Possible Anadarko liability for some spill costs causes concern

The plunge in Anadarko Petroleum Corp.’s share price since late April perhaps best expresses the ongoing concerns about the company’s potential liabilities in the escalating cost of the Gulf of Mexico oil spill disaster. As a 25 percent interest owner in the ill-fated Macondo well, still spewing oil into the waters of the Gulf, Anadarko could end up being hit by 25 percent of the tab for the spill response. With BP already having spent in excess of $3 billion on the response, and with another $20 billion committed to an escrow account, that 25 percent liability would add up to a sizable sum.

And, with Anadarko being a partner with ConocoPhillips in the North Slope Alpine oil field and in the development of satellites to that field, and given Anadarko’s natural gas exploration efforts in the Brooks Range foothills, the company’s financial health is of significant interest in Alaska. According to Anadarko’s most recent financial report, the company earned somewhat more than $3 billion in revenues worldwide in the first quarter of 2010.

Distanced from BP

On June 18 Anadarko Chairman and CEO Jim Hackett distanced his company from BP in the events leading to the Macondo well blowout, saying that under the terms of the joint operating agreement under which the well was drilled BP is responsible to the well’s co-owners for damages caused by BP’s gross negligence or willful misconduct.

“The mounting evidence clearly demonstrates that this tragedy was preventable and the direct result of BP’s reckless decisions and actions,” Hackett said. “Frankly, we are shocked by the publicly available information that has been disclosed in recent investigations and during this week’s testimony that, among other things, indicates BP operated unsafely and failed to monitor and react to several critical warning signs during the drilling of the Macondo well. BP’s behaviors and actions likely represent gross negligence or willful misconduct and thus affect the obligations of the parties under the operating agreement.”

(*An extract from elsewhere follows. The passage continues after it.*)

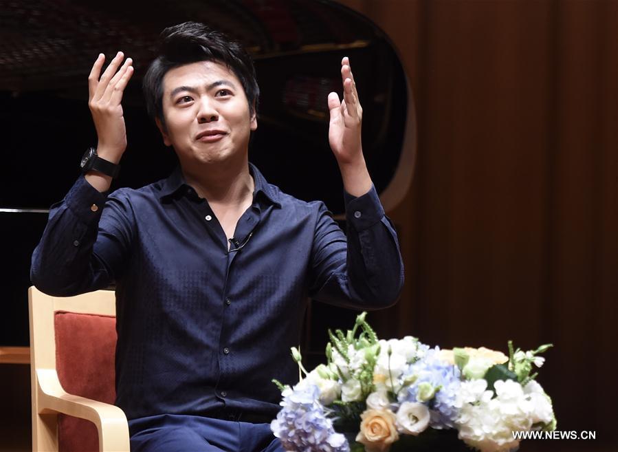 Pianist Lang Lang attends an educational session at National Center for the Performing Arts (NCPA) in Beijing, capital of China, Aug. 14, 2017. As the season's Artist-in-Residence, Lang Lang shared his story and piano skills with children at an educational session in the NCPA on Monday. (Xinhua/Luo Xiaoguang)
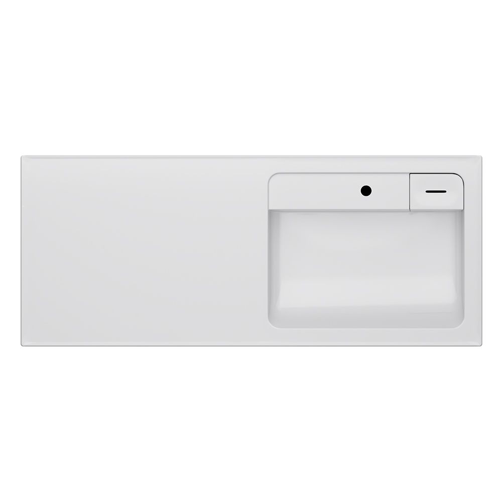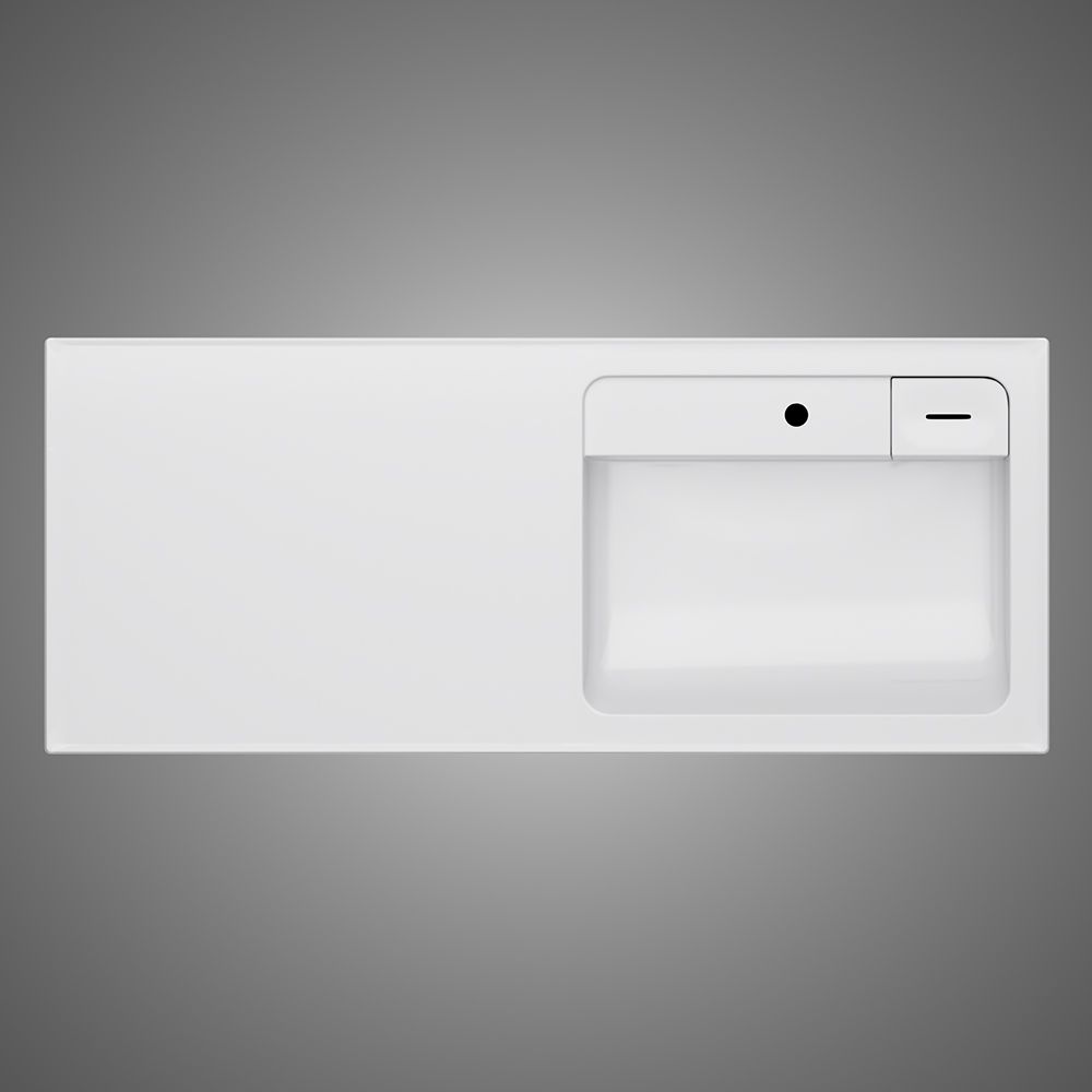 Дизайнерская раковина из литьевого мрамора белоснежного цвета с бортиком скрытым сливом и съемной мыльницей. Раковина оснащена просторной столешницей на которой можно разместить косметические и гигиенические средства. Столешница защищает стиральную машину от повреждений и механических воздействий.

But according to a June 29 report in the Financial Times, Anadarko had been aware of the details of the Macondo well design and BP had informed Anadarko of design changes and any well control events that occurred during the drilling. Well design components would have included the method of lining the well and the use of centralizers to stabilize the well, aspects of the well design that have triggered debate about the safety standards in the Macondo drilling.

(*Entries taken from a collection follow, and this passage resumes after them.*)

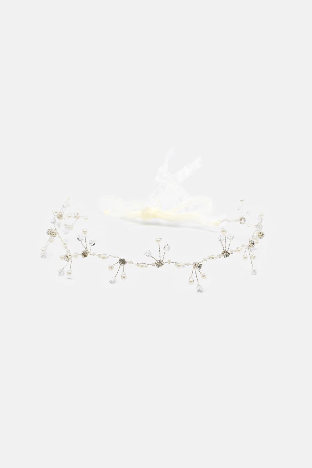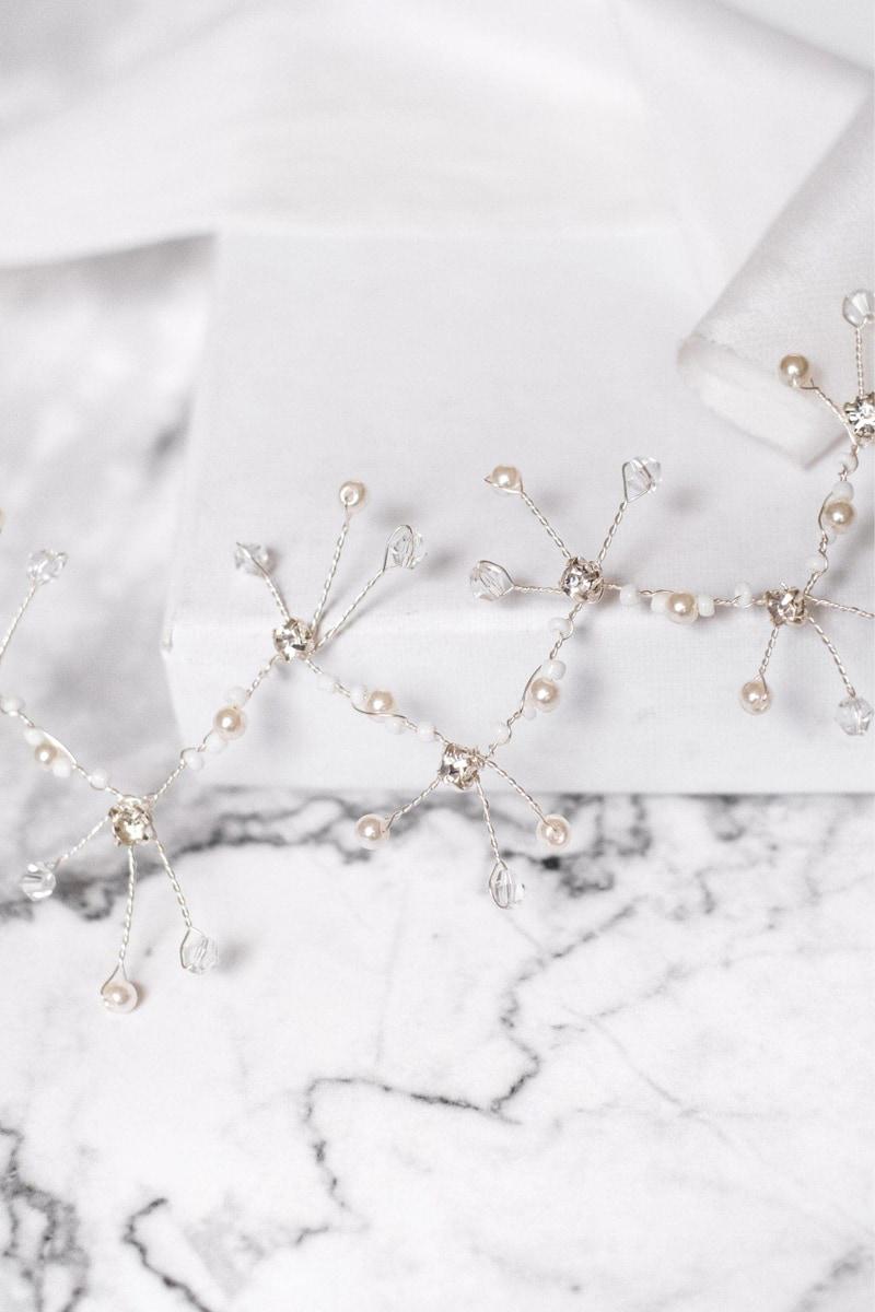 The Remi Headband is a bridal headband with subtle glass pearls and crystals. Due to its flexibility and length it can be worn with many different hairstyles, like buns, braids and up-dos.
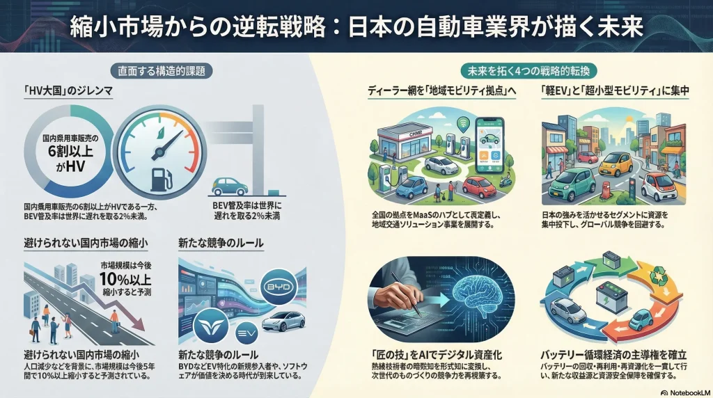 日本の自動車業界は、歴史的な岐路に立たされている。国内市場は、ハイブリッド車(HV)が乗用車販売の6割以上を占める一方、バッテリー式電気自動車(BEV)の普及率は1~2%台に留まり、世界的な電動化の潮流から取り残されつつある 1。この「HVでの成功体験」が、BEVへの大胆な経営資源のシフトを躊躇させる「イノベーションのジレンマ」の根源となっている。同時に、人口減少は国内新車市場の構造的な縮小を不可避なものにしている 3。
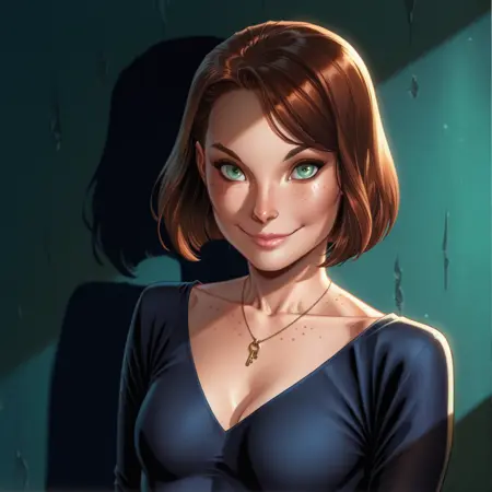 초록색 눈, 작은 가슴, 갈색 머리, 단발, 주근깨, 입술, 비대칭 머리

BP told the Financial Times that BP personnel had engaged in periodic communications with the well co-owners during the drilling operation.

Badly executed

However, Anadarko says that the well design met industry standards and that the blowout problems resulted from BP’s execution of the design, according to the Financial Times report.

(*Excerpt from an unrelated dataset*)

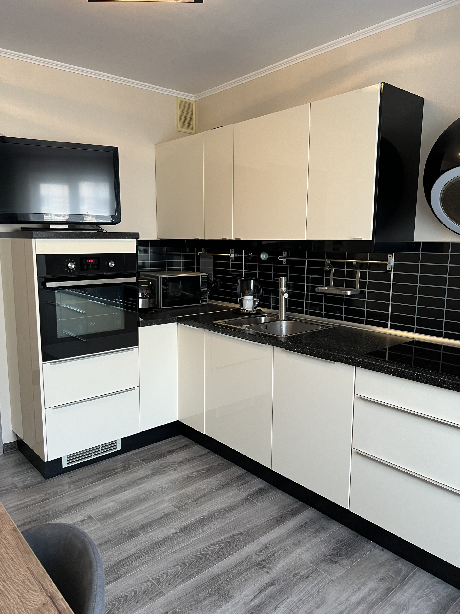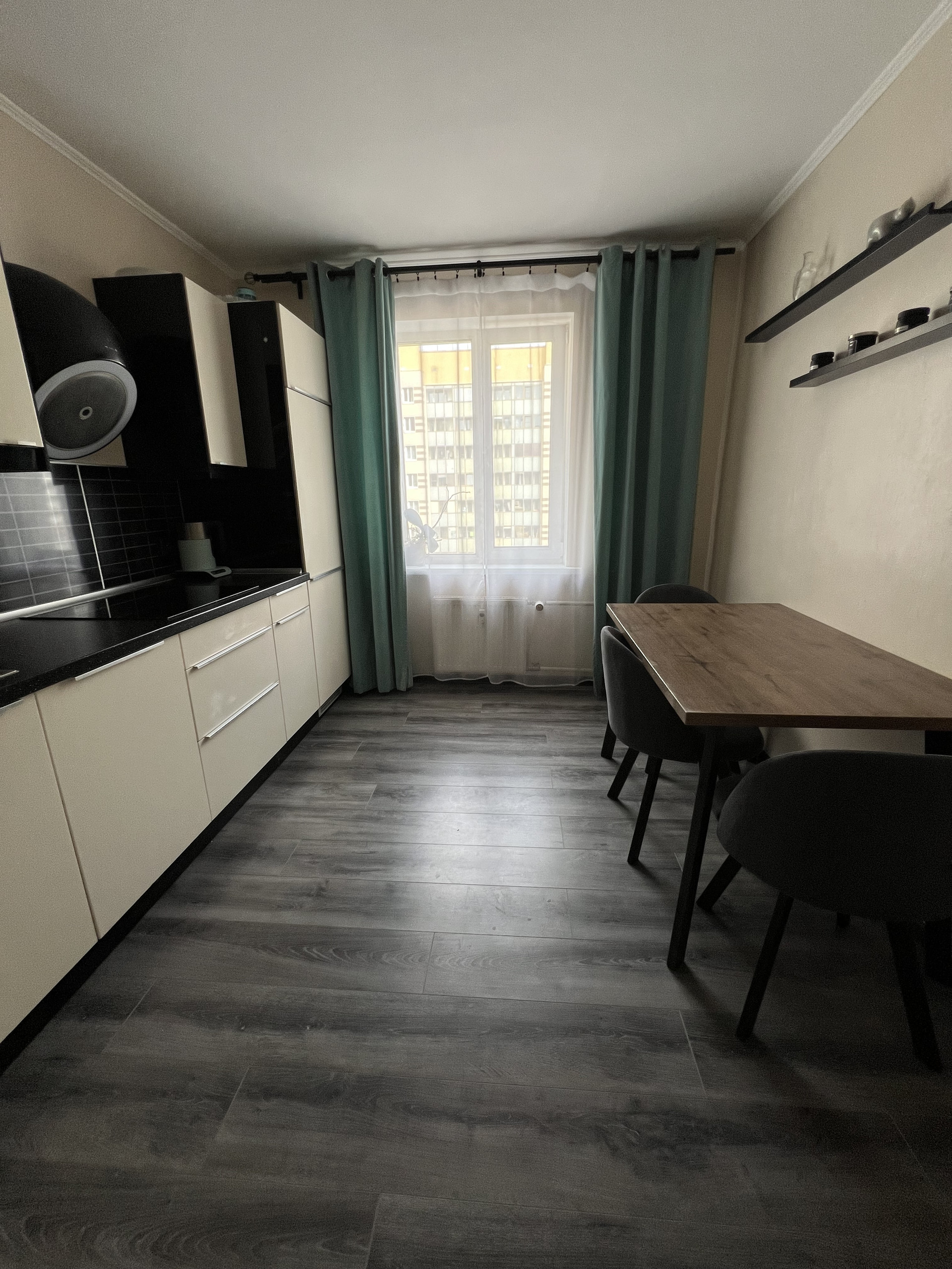 Встроенная кухня с техникой входит в стоимость квартиры.

And on July 7 Anadarko spokesman John Christiansen confirmed his company’s position to Petroleum News.

“The real issue was the operator’s execution, not the well design,” Christiansen said. “We did not have any personnel on the rig, nor were we consulted with regarding the decisions made on the rig.”

Meantime, BP has billed Anadarko for $272.2 million in spill-related costs, while also sending a corresponding bill for $111 million to Mitsui, a 10 percent partner in the Macondo well, according to a report by The Associated Press.

“They are partners in the field and as responsible partners we would expect them to bear some of the costs,” BP spokeswoman Sheila Williams said July 5, AP reported.

Anadarko has said that it is reviewing the bill from BP and is assessing its “contractual remedies,” AP said.